§ AVAILABLE DATA:
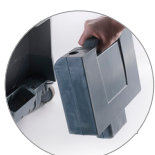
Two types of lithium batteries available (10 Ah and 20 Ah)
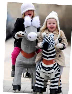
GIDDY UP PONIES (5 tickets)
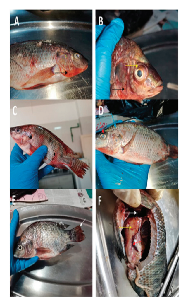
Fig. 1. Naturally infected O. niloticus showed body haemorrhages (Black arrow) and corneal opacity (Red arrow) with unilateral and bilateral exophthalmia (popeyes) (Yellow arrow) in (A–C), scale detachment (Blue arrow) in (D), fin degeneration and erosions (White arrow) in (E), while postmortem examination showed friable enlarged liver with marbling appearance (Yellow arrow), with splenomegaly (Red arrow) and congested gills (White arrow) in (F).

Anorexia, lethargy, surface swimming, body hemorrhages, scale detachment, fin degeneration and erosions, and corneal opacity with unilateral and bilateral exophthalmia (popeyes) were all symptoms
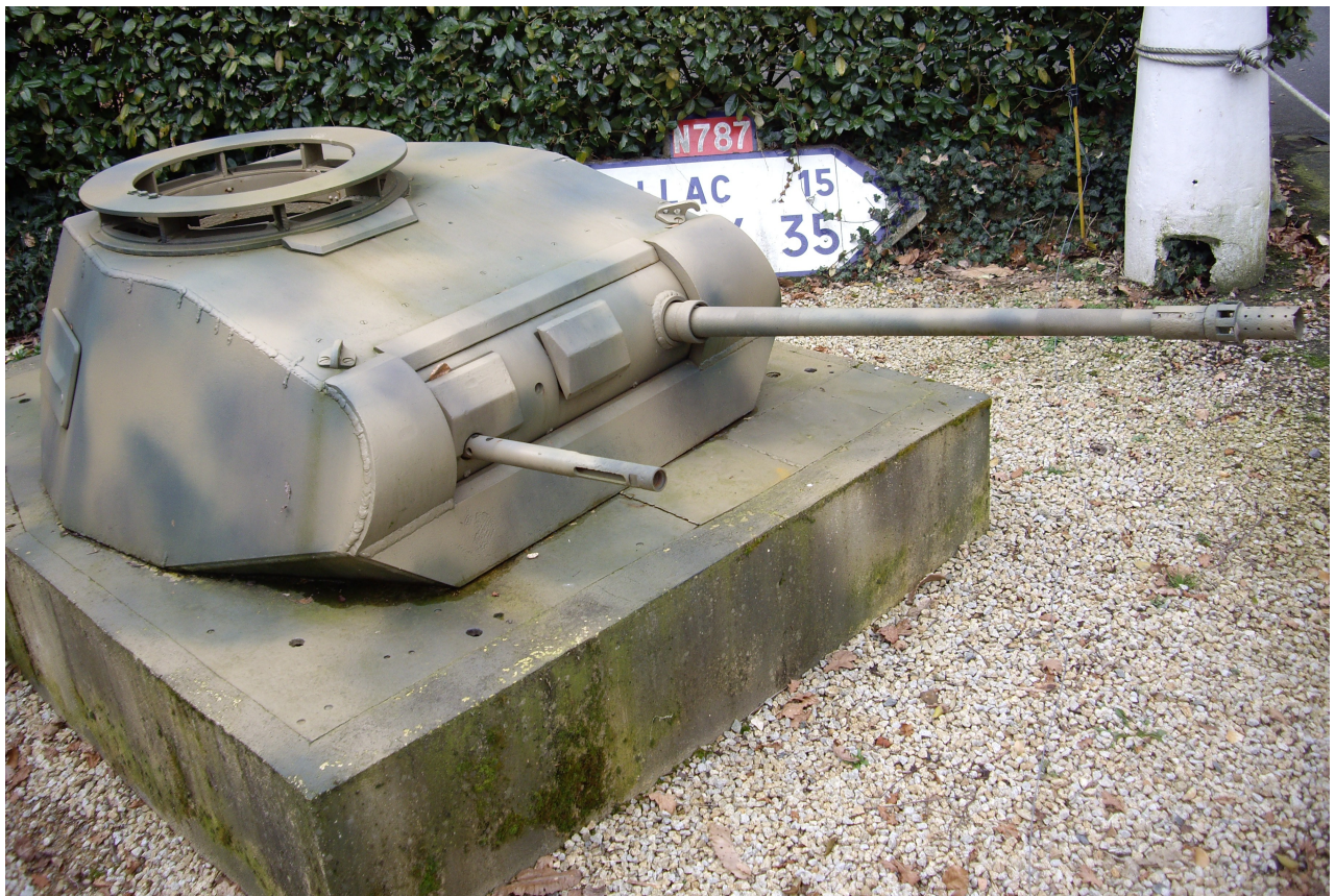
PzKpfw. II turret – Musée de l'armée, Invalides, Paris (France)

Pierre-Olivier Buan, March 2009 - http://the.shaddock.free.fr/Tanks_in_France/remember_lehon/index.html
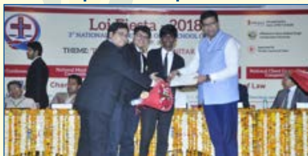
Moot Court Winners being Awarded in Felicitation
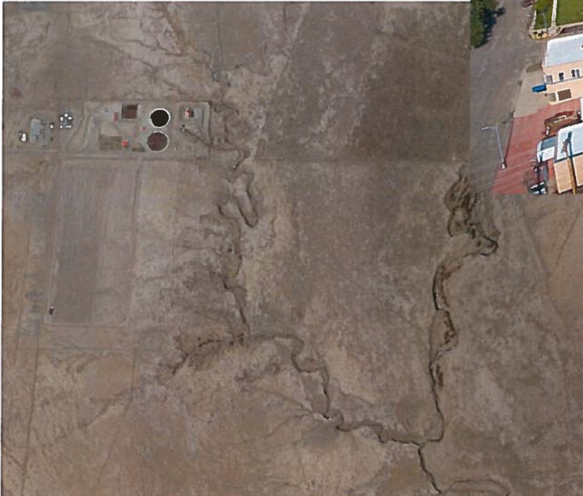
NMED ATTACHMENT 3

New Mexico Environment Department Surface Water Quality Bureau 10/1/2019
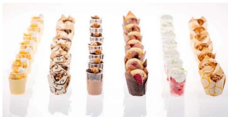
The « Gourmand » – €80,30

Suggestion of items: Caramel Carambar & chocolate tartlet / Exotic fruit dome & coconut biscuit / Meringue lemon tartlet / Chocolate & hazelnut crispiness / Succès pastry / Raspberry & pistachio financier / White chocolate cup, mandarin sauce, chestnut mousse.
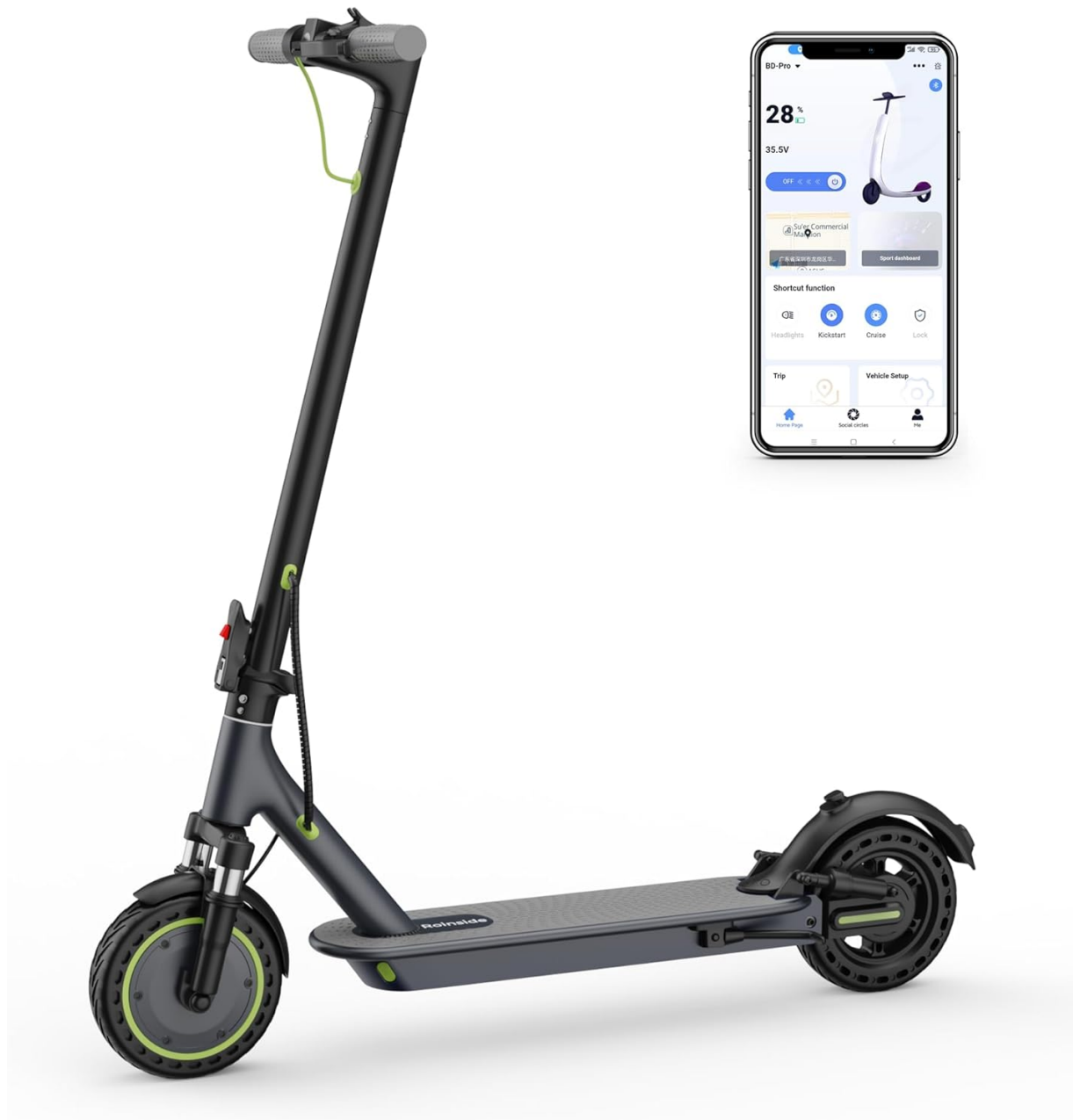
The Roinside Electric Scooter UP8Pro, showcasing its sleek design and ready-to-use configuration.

§ TASK BRIEF:
From the entries above, copy each line holding "corneal".

§ EXERCISE RESULT:
Fig. 1. Naturally infected O. niloticus showed body haemorrhages (Black arrow) and corneal opacity (Red arrow) with unilateral and bilateral exophthalmia (popeyes) (Yellow arrow) in (A–C), scale detachment (Blue arrow) in (D), fin degeneration and erosions (White arrow) in (E), while postmortem examination showed friable enlarged liver with marbling appearance (Yellow arrow), with splenomegaly (Red arrow) and congested gills (White arrow) in (F).
Anorexia, lethargy, surface swimming, body hemorrhages, scale detachment, fin degeneration and erosions, and corneal opacity with unilateral and bilateral exophthalmia (popeyes) were all symptoms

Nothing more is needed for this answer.